I didn't see the unedited post, but it should be a basic courtesy to make sure your posts are readable.

Back on topic...

I agree with the points Emmet and a few others have made: decide what the house it worth to you, and make sure that's all you pay. This means researching what you can afford to pay, what the house is worth, and how much you are willing to lose if the house price drops.


----------



## Sinbad (25 Nov 2009)

Hi Emmet,

Thanks for your post, really helpful. 

I cancelled my second viewing and asked the EA to get back to me if the other 'offer' fell through, as we would be interested in making a similar offer.

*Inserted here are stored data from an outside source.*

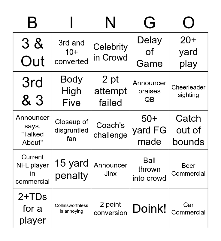This bingo card has 25 words: 15 yard penalty, 2 point conversion, 2 pt attempt failed, 2+TDs for a player, 20+ yard play, 3 & Out, 3rd & 3, 3rd and 10+ converted, 50+ yard FG made, Announcer Jinx, Announcer praises QB, Announcer says, "Talked About", Ball thrown into crowd, Beer Commercial, Body High Five, Car Commercial, Catch out of bounds, Celebrity in Crowd, Cheerleader sighting, Closeup of disgruntled fan, Coach's challenge, Collinsworthless is annoying, Current NFL player in commercial, Delay of Game and Doink!.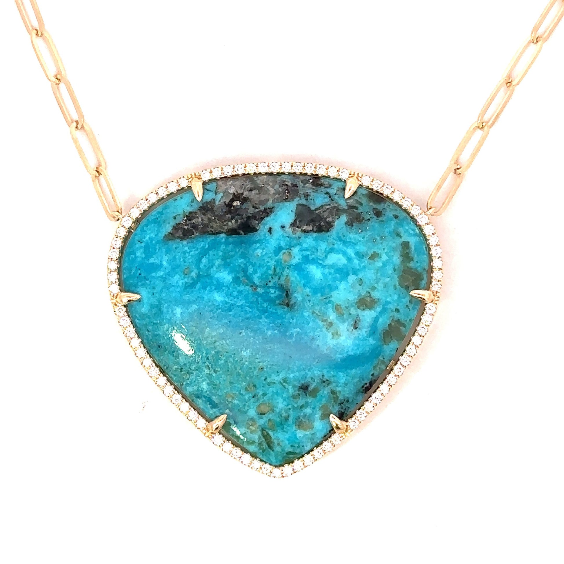 This necklace offers a total adjustable length of 16-18" featuring paper clip links measuring 6.2mm long by 2.4mm wide. The turquoise pendant measures 32.4mm in length and 34.4mm in width, highlighted by 0.34 carats of pave diamonds. Made from 6.07 grams of 14K yellow gold with the turquoise stone weighing 35.13 grams.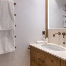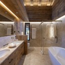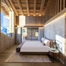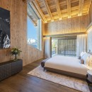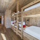 Two beautifully finished en-suite double bedrooms are located on this floor, one of which can be configured as a twin if needed. These bedrooms are decorated in a pared-back, zen style with large windows, generous storage, desks, and tasteful light fixtures, providing a relaxing haven. Additionally, a quad bunk bedroom with cozy alpine patterns and textiles is ideal for children.

Now it's a waiting game. And I thought this house hunting business would be great fun! I hope I did the right thing.


----------



## missdaisy (25 Nov 2009)

Hi Sinbad, I do agree with your course of action but do keep us posted!


----------



## Sinbad (25 Nov 2009)

Will do missdaisy - wish me luck!


----------



## Chris (25 Nov 2009)

emmetdoyle said:


> Hi UFC
> post is same same....I added a few commas and a full stop here and there.. nothing that removed the thrust of the post...

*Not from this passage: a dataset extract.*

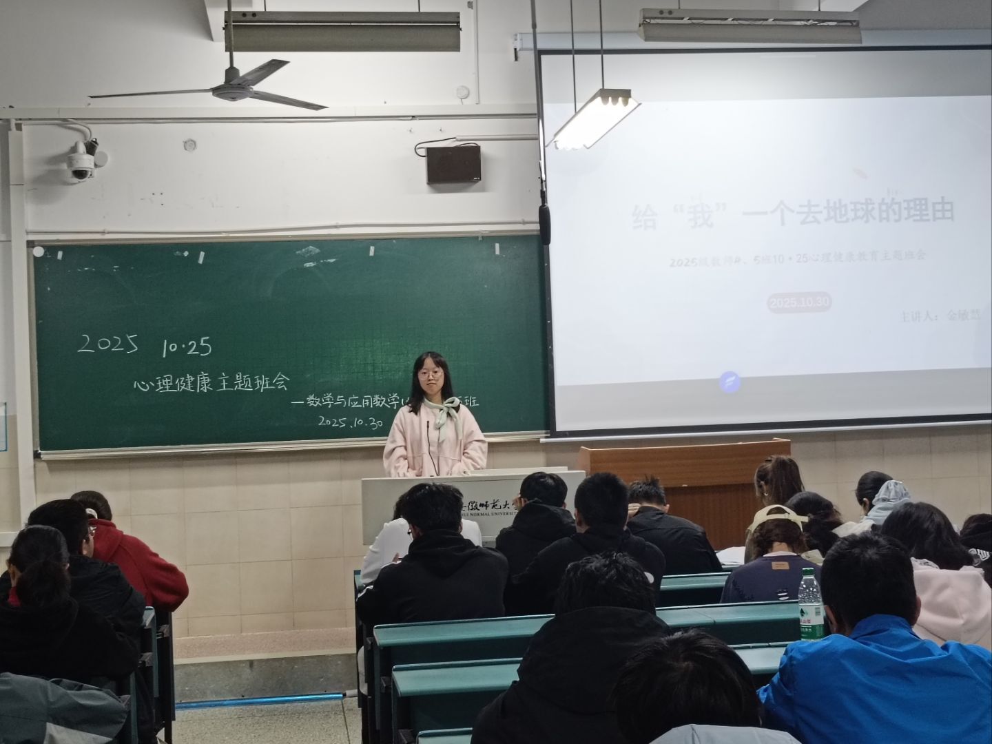 为了探究生命的意义,引导同学们聚焦当下生活,理解自我生命价值,2025年10月30日晚上,2025级数学与应用数学(师范)专业4、5班在花津校区行知楼2050401教室开展心理健康日活动——“给‘我’一个去地球的理由”,四班心理委员金敏慧同学主讲,4,5班全体同学积极参与,并取得较好成效。

A few commas and full stops make a huge difference, when there are none before, and your post is now readable 



emmetdoyle said:


> tallpaul was pleased with the post, however Chris a serial moaner wasnt so go figure....
> read and absorb dont read and attack...


I'm not sure where you get the "serail moaner" idea from. I tried to read your post but there was nothing to absorb.

Anyway, I think the OP has done the right thing by putting the EA in his/her place. Call it ghost bidding or a reseve, the EA should be glad that there is interest at all, and not play games with potential buyers.


----------



## SteveW9 (26 Nov 2009)

I have to agree with Chris. 
Emmet's post was badly written. 
It was very hard to follow its was a bit like a schoolkid's effort.


----------



## Scotsgirl (26 Nov 2009)

What is it with the slating of Emmets post!  I understood it perfectly and thought he gave very good advice.

Perhaps he mightn't be so quick to help next time someone asks for advice.


----------



## Sinbad (26 Nov 2009)

Wow, these critical posts read like a bedtime story – boring! You may find the following link to be of some benefit to you: 

http://www.wikihow.com/Lighten-Up


----------